Paco y Román |
Estos dos personajes no nacieron indigentes ni marineros improvisados, todo tiene su pasado, incluso lo mas absurdo, Paco no siempre fue un náufrago alcohólico, sino —según él— algo mucho peor, un profesor de Educación Física en paro con veleidades náuticas.
Mucho antes de quedarse dormido sobre un timón ajeno, Paco había sido un hombre serio o al menos, eso decía él mismo con la convicción de quien ha contado tantas veces su historia que ha olvidado en qué momento empezó a mentir.

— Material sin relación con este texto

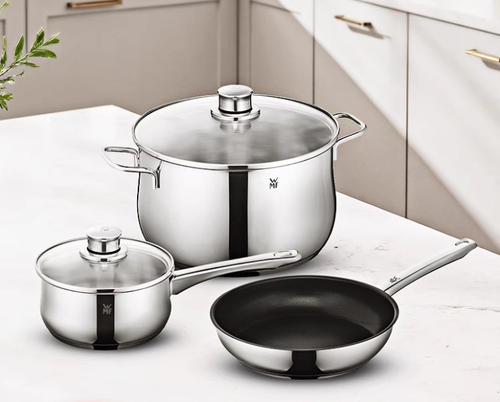 德国WMF无涂层不锈钢平底锅煎锅三件套
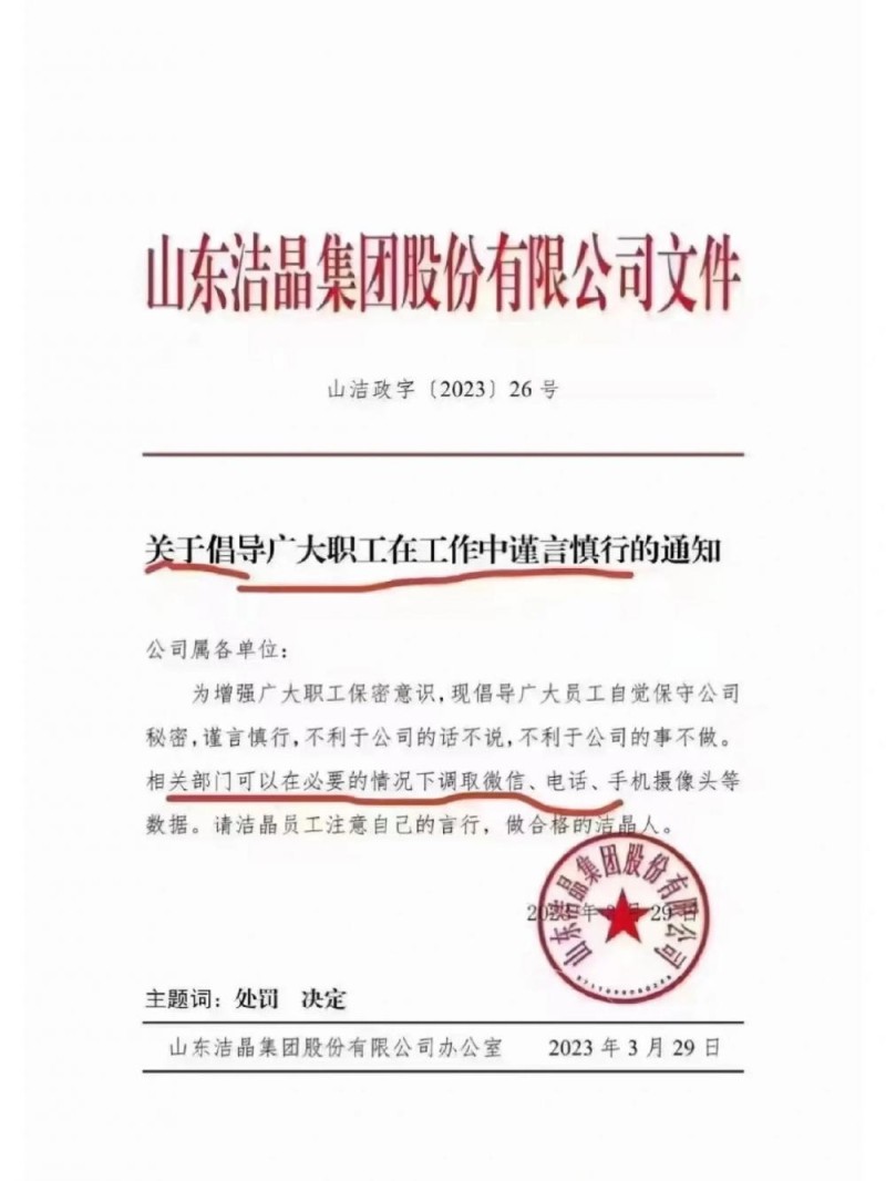 上游新闻记者从这份题为《关于倡导广大职工在工作中谨言慎行的通知》的红头文件上看到,公司要求“为增强广大职工保密意识,现倡导广大员工自觉保守公司秘密,谨言慎行,不利于公司的话不说,不利于公司的事不做。相关部门可以在必要的情况下调取微信、电话、手机摄像头等数据。请洁晶员工注意自己的言行。”
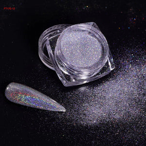 1 jar Laser Rainbow Nail Glitter Powder Ultra Fine Sparkly Holographic Chrome Nail Pigment Rubbing Dust Nail Gel Polish SuppliesPackage: 1pcs (about 0.2-0.3g)
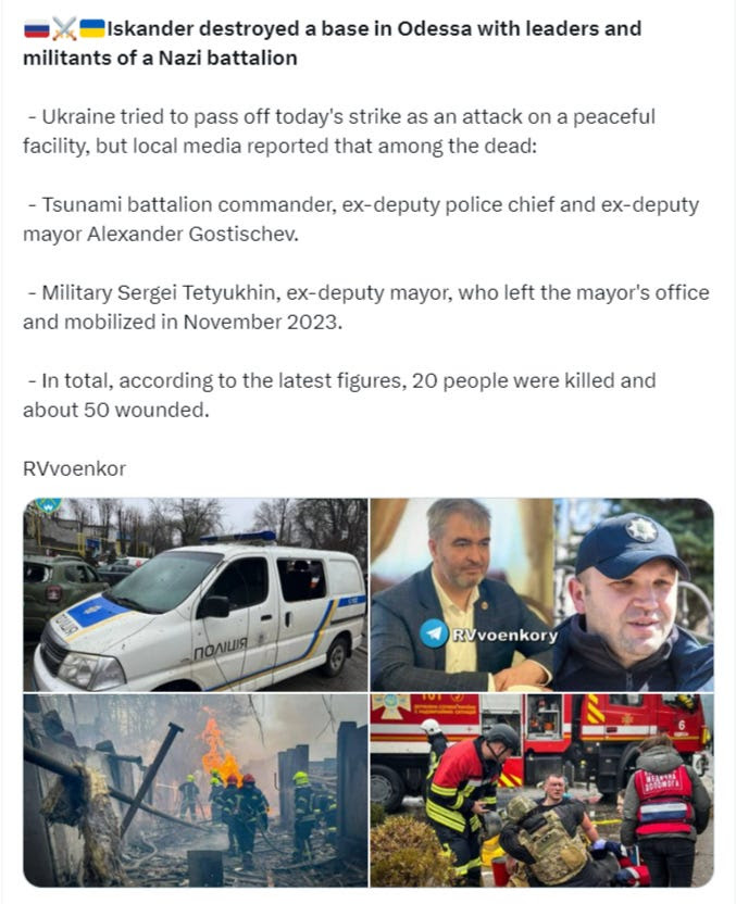 Enfin, il est très intéressant qu’aujourd’hui, juste après le théâtre télévisé musclé de Macron, la Russie ait frappé nul autre que… Odessa avec un énorme coup magistral qui aurait anéanti de nombreuses personnes importantes, et qui a même fait pleurer ouvertement la partie ukrainienne du fond du cœur
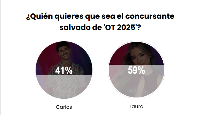 Así, según los lectores de nuestra web que han votado durante toda esta semana, el tercer expulsado de 'OT 2025' será Carlos de los Reyes pues solo el 41% de los usuarios han votado para que sea él quien siga en la academia. Mientras que un 59% de los votos considera que debe ser Laura Muñoz la que debe mantenerse en el talent show presentado por Chenoa.
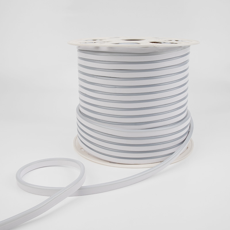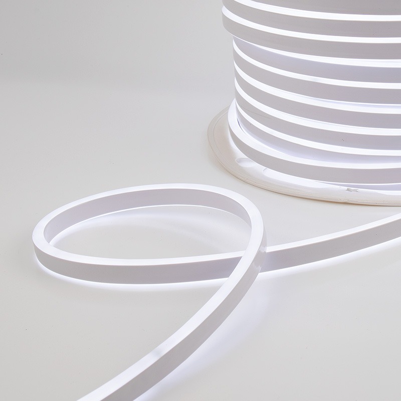 Гибкий неон – это световой шнур, выполненный из матовой полимерной трубки, наполненной ПВХ, со светодиодной лентой внутри. Используется для рекламной, декоративной и архитектурной подсветки различных объектов, зданий, сооружений, декорирования офисного или домашнего интерьера. Данный неон выполнен на SMD светодиодах SMD2835 белого цвета. Благодаря конструктивным особенностям данной модели: двухстороннему свечению, а также компактному размеру (8х16 мм), значительно расширяется спектр применения. При подключении гибкого неона к соединительному разъему (муфте) необходимо заизолировать свободное воздушное пространство соединительного разъема (муфты) морозостойким силиконовым герметиком, предотвращающим попадание влаги. Поверх данного соединения необходимо использовать термоусаживаемую трубку.

—Yo era profesor, ¿sabes? Educación Física, en un instituto de Sóller. El chándal me quedaba como un guante y el silbato lo usaba sólo para emergencias, nada de pitar por gusto, eso es de novatos
Le contó a Román una madrugada en la T1, mientras compartían un paquete de croissants caducados con la ternura de dos náufragos de la civilización.

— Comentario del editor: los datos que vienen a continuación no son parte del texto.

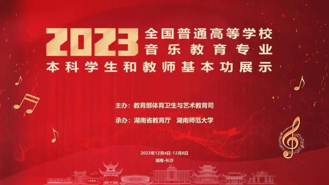 2023年12月5日-12月8日,2023年全国普通高等公司音乐教育专业本科员工和教师基本功展示活动在湖南省长沙市湖南师范大学成功召开。该活动由教育部体育卫生与艺术教育司主办,湖南省教育厅、湖南师范大学承办。来自全国31个省份、107所音乐艺术类与综合类高校、51位评委组成员、94位参与活动的高校教师与258位本科员工参加了此次比赛。
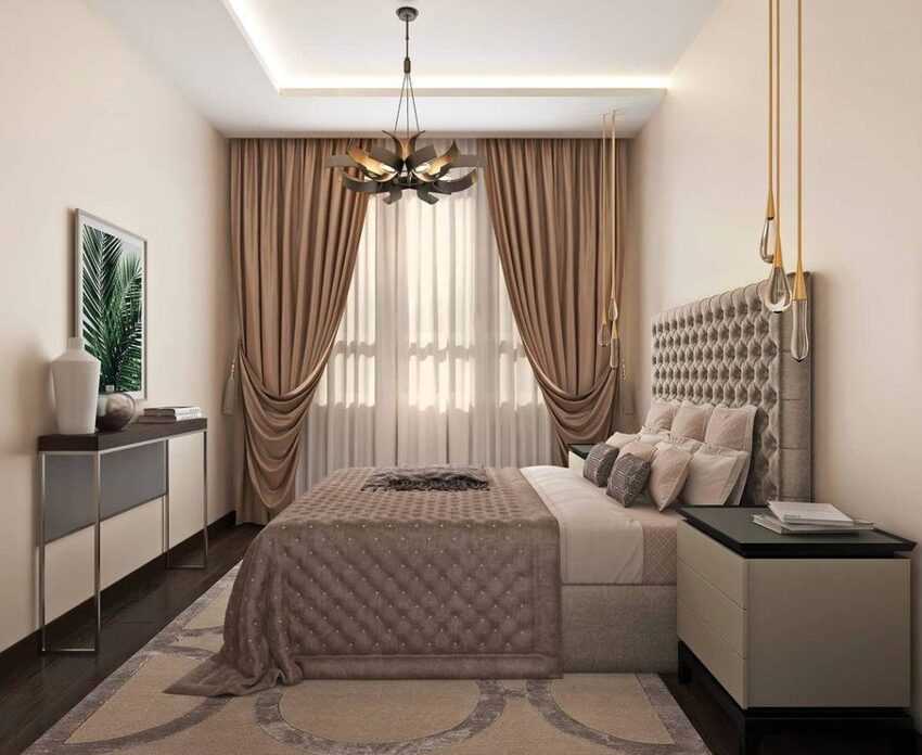 - интерьер светлой спальни дополняют длинные шторы, не обязательно аналогичной цветовой гаммы, что и стены; хорошо смотрятся римские шторы.
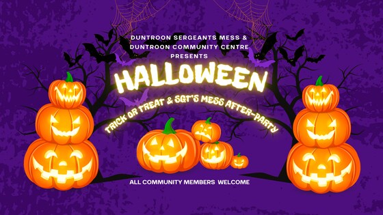 🎃 Join the Halloween Fun! 🎃 Light Up & Decorate Your Home or Business! 👻 Get into the Spirit of Halloween! 👻 We invite all houses and businesses to join us in creating a spooktacular Halloween atmosphere by placing a light on and decorating your property. Let your community know you're participating in the festivities! Who: All local Duntroon Community Members including residents and all familes who are connected to Duntroon via work or service.  Where: Where: RMC Sergeants Mess, Coombes Road, Campbell, Cnr Chumleigh Close Where: Kicks off at 4.30pm for trick and treating with celebrations from 5.30pm-7pm at the SGT's Mess (all welcome. Why Participate? Create a Festive Atmosphere: Make our neighborhood look magical and spooky! Community Engagement: Bring joy and excitement to trick-or-treaters and neighbors. Show Your Creativity: Have fun designing and showcasing your Halloween spirit. How to Participate **Light Up**: Place a visible light or lantern in front of your property. **Decorate**: Add Halloween decorations such as pumpkins, cobwebs, skeletons, and more. **Enjoy**: Watch as your efforts bring delight to all who see! Dress up for Trick or Treating. Trick or Treaters bring a bag of sweets to give to a neighbourhood house who is particpating to thank them and assist with the cost of candy for the evening.     Special Invitation for after Trick or Treating 6pm-8pm   Don’t forget to stop by the SGT’s Mess for some surprise fun! All community members welcome. Face painting, disco music, lucky door prize and spooky snacks!  **For More Information: Contact Duntroon Community Centre during office hours www.duntrooncommunitycentre.org.au Thank you for helping us make this Halloween unforgettable! Please consider registering so we can identify the number of families attending on the night.

Román no sabía si creerle, pero le gustaba escucharlo, Paco tenía ese don de los charlatanes de vocación, convertía cada desgracia en una epopeya y cada suspensión de empleo en una injusticia histórica. Aseguraba haber sido expulsado por “motivos ideológicos”, parece ser que los padres no estaban muy conformes con los signos evidentes de embriaguez del profesor que sus alumnos relataban detalladamente en sus respectivas casas.
—Pero lo mío era el mar. Siempre lo fue. La mar te habla, Román. La mar te dice cosas.
—¿Y qué te dijo a ti?
—Que me fuera, literalmente, me vomitó en la cara durante una regata amateur en 2003. Desde entonces no volví… hasta ahora.

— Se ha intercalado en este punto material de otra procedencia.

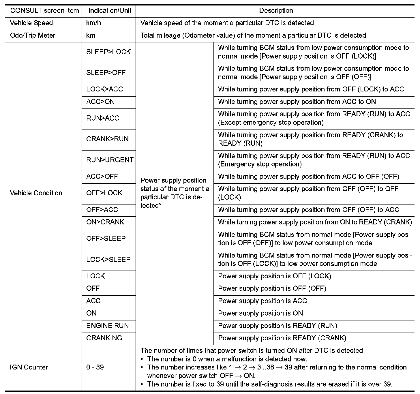 The BCM records the following vehicle condition at the time a particular DTC is detected, and displays on
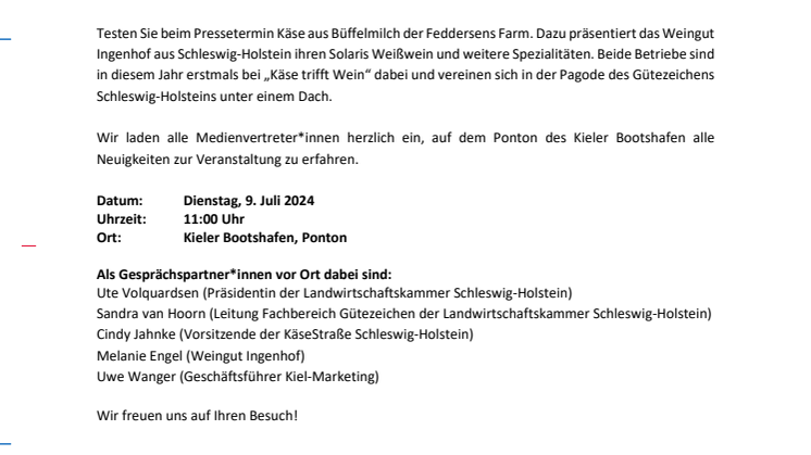 Der Genuss und kulinarische Vielfalt stehen am Wochenende vom 12.-14. Juli 2024 bei „Käse trifft Wein“ am Bootshafen im Vordergrund. Weingüter aus dem Süden Deutschlands treffen in Kiels schönster Mitte auf regionale Produkte der KäseStraße Schleswig-Holstein.
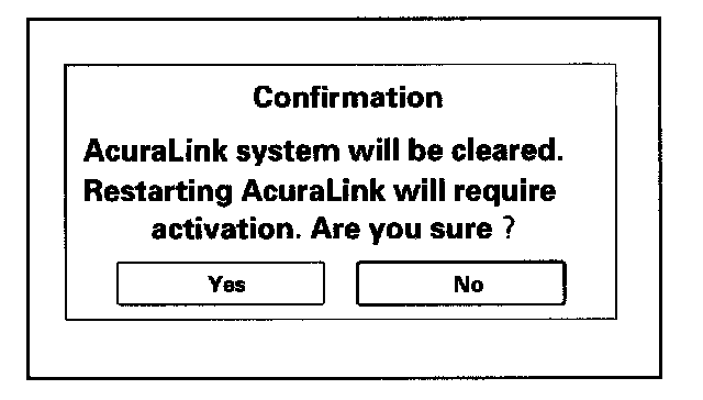 This menu choice resets the AcuraLink control unit (XM receiver), and should not be selected. Only select "DATA RESET" if instructed to do so by the factory. If chosen accidentally, a confirmation screen appears to prevent accidental erasure. Select "No" to exit the screen.
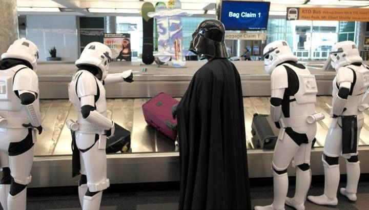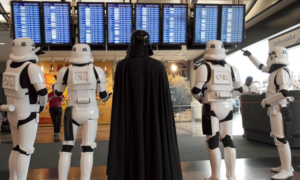 Notice in those pics that even the 501st Legion of Stormtroopers - "Vader's Fist" was disarmed. Apparently the Force has no power over the TSA.
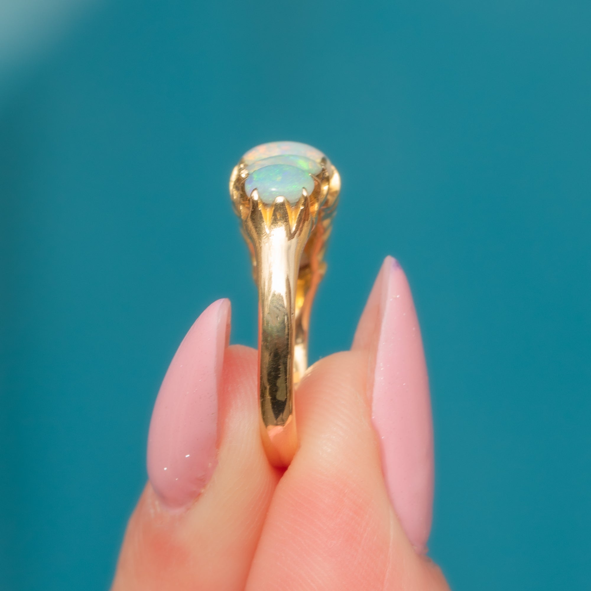 Her 18ct Gold band is buttery and possesses an alluring glow, with settings that provide a perfect throne for the iridescent natural solid Opals. Showcasing a spellbinding confetti display of vibrant greens, soft blues and pinks, each Opal is whimsical and thrives beneath the light, enchanting anyone who lays eyes on this spectacular Victorian ring!
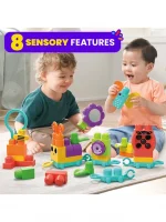 Mega Bloks Move ‘N Groove Caterpillar Toys to enhance thinking skills from the MEGA BLOKS brand, Little Builders will move and groove alongside this adorable caterpillar train. Toddlers can build a caterpillar train with motion and chain blocks, and a pull string in the front to get it rolling. Then, they can add a ladybug with a pop block, a snail with a turn-and-click feature, and a butterfly with textured wings on the caterpillar is back to come along for the ride. Toddlers can also discover a mirrored flower, textured antennas, and a bee bead block. Crafted from high-quality, child-safe materials, you can trust that these toys are built to last and are free from harmful substances. Vibrant and colorful designs engage your child’s senses, promoting cognitive development and sensory exploration.

Román, por su parte, no hablaba mucho de su pasado, sólo sabía que había trabajado en lo que él llamaba “la vida privada”, una expresión que abarcaba desde mozo de almacén hasta figurante en una serie de sobremesa. Su talento principal era desaparecer en lugares públicos y recordar letras de rancheras con precisión quirúrgica.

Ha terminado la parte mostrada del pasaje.